Но иногда, вдруг: иду по аллее парка, под ногами шуршат еще не истоптанные желто-бурые листья, а я смотрю на них и замираю от счастья, – счастья любви; мы сидим на лавочке возле нашего дома, перед нами за речкой луга, покрытые туманом, – словно облаками! – над ними висит огромная луна, он целует меня и во мне вспыхивает какое-то неведомое чувство, – сладостное, томящее, но до отчаяния грустное».

Слезинка дождя на ажуре стекла
и алый окатыш герани…
Те встречи, разлуки…
Да были ль они, слезинка дождя на ажуре стекла?
Всё было. В душе не сгорело дотла.
А память – лишь таинство сини.
Слезинка дождя на ажуре стекла
и алый окатыш герани.

В 1961 году брат Виктор работающий телеоператором в Комитете и на время моей практики, которая была обязательной на последнем курсе института Культуры, где я училась заочно, устроил меня помощником режиссера. Главному режиссеру Михаилу Самсоновичу Дозорцеву я понравилась, и он предложил мне остаться.

Из записок. 1961.

«Ровно месяц, как я – помощник режиссера в Комитете по телевидению и радиовещанию.

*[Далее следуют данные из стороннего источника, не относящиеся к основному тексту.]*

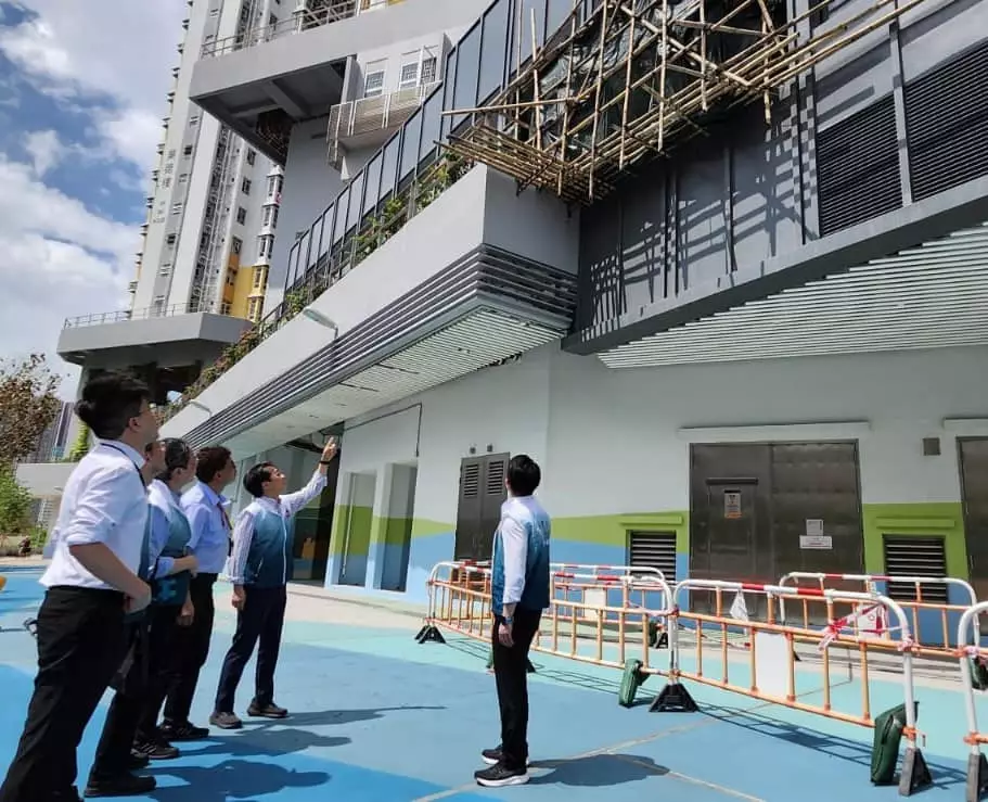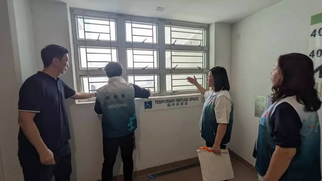 建築署是負責興建簡約公屋各項目的部門,建築署署長李翹彥聯同團隊去檢視各項目的抵禦颱風措施,包括各種加固工作、拆掉棚網以減低風阻等,同事也檢查了水碼水量,增加繫穩繩等,以抵擋超強颱風吹襲。

Работа интересная, но иногда часами нечего делать, и я хожу за главным режиссером с просьбой дать хоть какое-либо занятие, а он смотрит на меня, улыбаясь, и пожимает плечами. Есть ли интересные люди? Пожалуй, журналист Николай Недвецкий и телеоператор Женя Сорокин, – умные, много читающие и даже спорящие о философии, но пока в их спорах нет для меня того, что затронуло бы душу.

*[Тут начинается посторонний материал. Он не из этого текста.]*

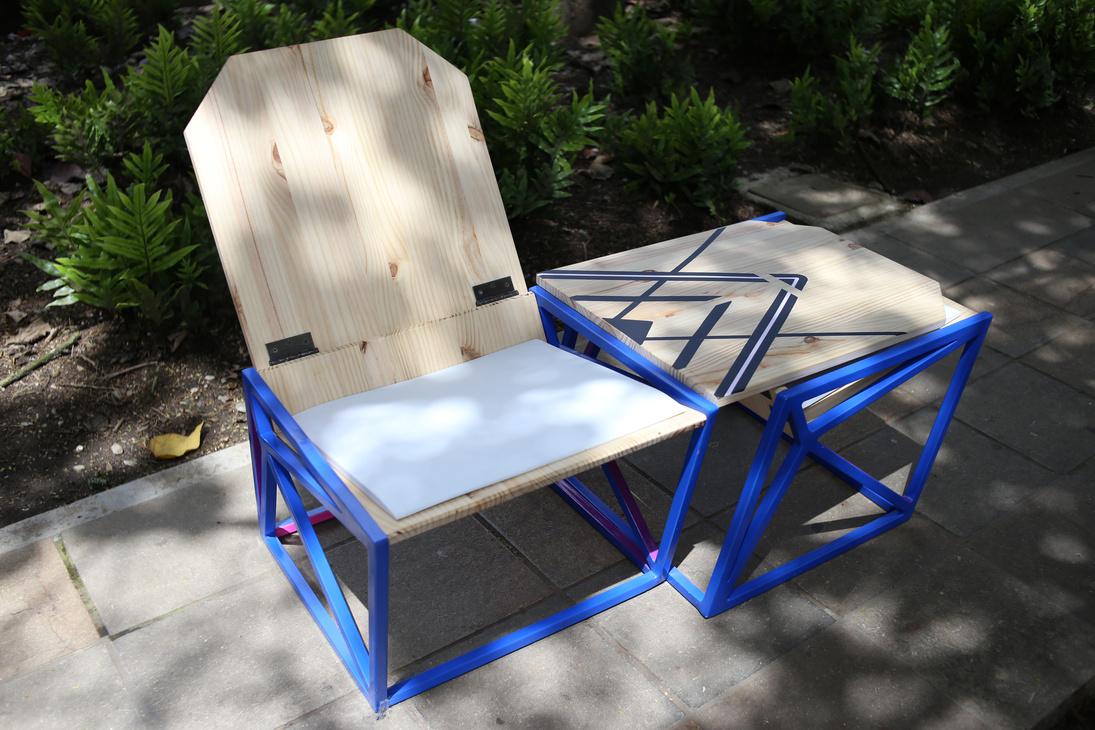 KA-LAY es una banca multiusos para dos personas la cual se divide para convertirse en dos sillas separadas que se pueden ubicar en diferentes espacios, ademas, se le puede bajar el espaldar para que que sea una mesa o apoya pies.

…Диктор Элла Миклосова красавица! Нос с горбинкой, пепельно-светлые волосы, смугловатое матовое лицо с большими синими глазами, но какая-то странная, – … иногда смотрит вроде бы с участием, но вдруг громко, грубо расхохочется над тем, чему и улыбнуться-то грешно. Наверное, она – дура. А вот её подруга звукорежиссер Алла Смирновская, сухопарая, некрасивая, с тонкими напряженными губами, с которых всегда готово сорваться ехидное словцо, понятна мне без «наверное»: да, умна, расчетлива, хитра и не добрая она, – не хочется подходить к ней даже тогда, когда нужно по работе.

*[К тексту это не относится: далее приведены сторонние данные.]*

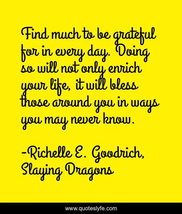 This page presents the quote "Find much to be grateful for in every day. Doing so will not only enrich your life, it will bless those around you in ways you may never know.". Author of this quote is Richelle E. Goodrich, Slaying Dragons. This quote is about gratitude, richelle-e-goodrich, bless-others, blessings, richelle, grateful, thankfulness, richelle-goodrich,.
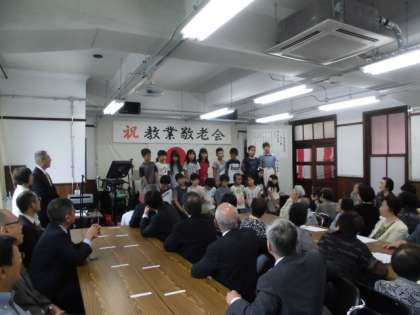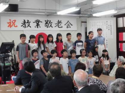 18日の日曜日に教業学区の敬老会に4年生が参加しました。たくさんの方の前で言葉と歌のプレゼントをしました。教室では「声が小さい」と注意を受けることの多い4年生ですがこの日は言葉もはきはき,歌もしっかり歌詞を覚えてとても上手に歌えました。
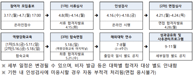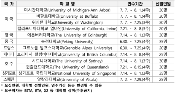- 지원 혜택: 항공료, 숙박비, 연수비, 문화체험비 100% 전액 지원
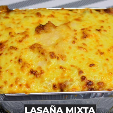 pasta , carne molida, pollo desmechado, champiñón, queso mozarela gratinado
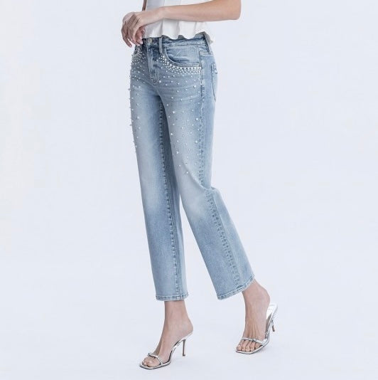 High Rise Pearl & Rhinestone Straight Leg Jeans

…Вчера Элла и Алла сидели в студии, разгадывали кроссворд, а я расставляла фотографии по пюпитрам, готовясь к эфиру. Но вот они стали гадать: кто композитор оперы «Орфей и Эвридика»? Ну, я и подсказала: «Глюк»[24 - Кристоф Глюк (1714—1787) – немецкий композитор, один из крупнейших представителей музыкального классицизма.]. А они, взглянув в мою сторону, презрительно хихикнули, – из какого-то, мол, Карачева, а подсказывает! – а потом всё ж вписали. Да нет, не сказать, что страдаю от их снисходительных взглядов, но все же… Удастся ли преодолеть их высокомерие? И нужно ли это делать?

…Не увлекли меня наши комитетские философы! Особенно неприятным становится Недвецкий, который тарахтит, тарахтит, перескакивая с одного на другое… словно палкой – по штакетнику, а в результате – пустота. Кажется, что все боли мира ему – до лампочки, только б утвердить свою значимость, только бы все смотрели на него и поклонялись. А меж тем, хочет ехать в Москву преподавать в Университете. И чему научит своих студентов?

…Когда автобус, подъезжая к Брянску, переезжает Черный мост и сворачивает направо, то всегда почему-то мелькает: «Вот и кончилось всё». И «всё» это – солнце, ароматы земли, травы, деревьев, ветра… И прямо сейчас въеду я в другое, – в застойный, спёртый запах машин, кирпичей, шум города, мелькание озабоченных лиц и от этого словно сжимаюсь, как пред прыжком в холодную воду».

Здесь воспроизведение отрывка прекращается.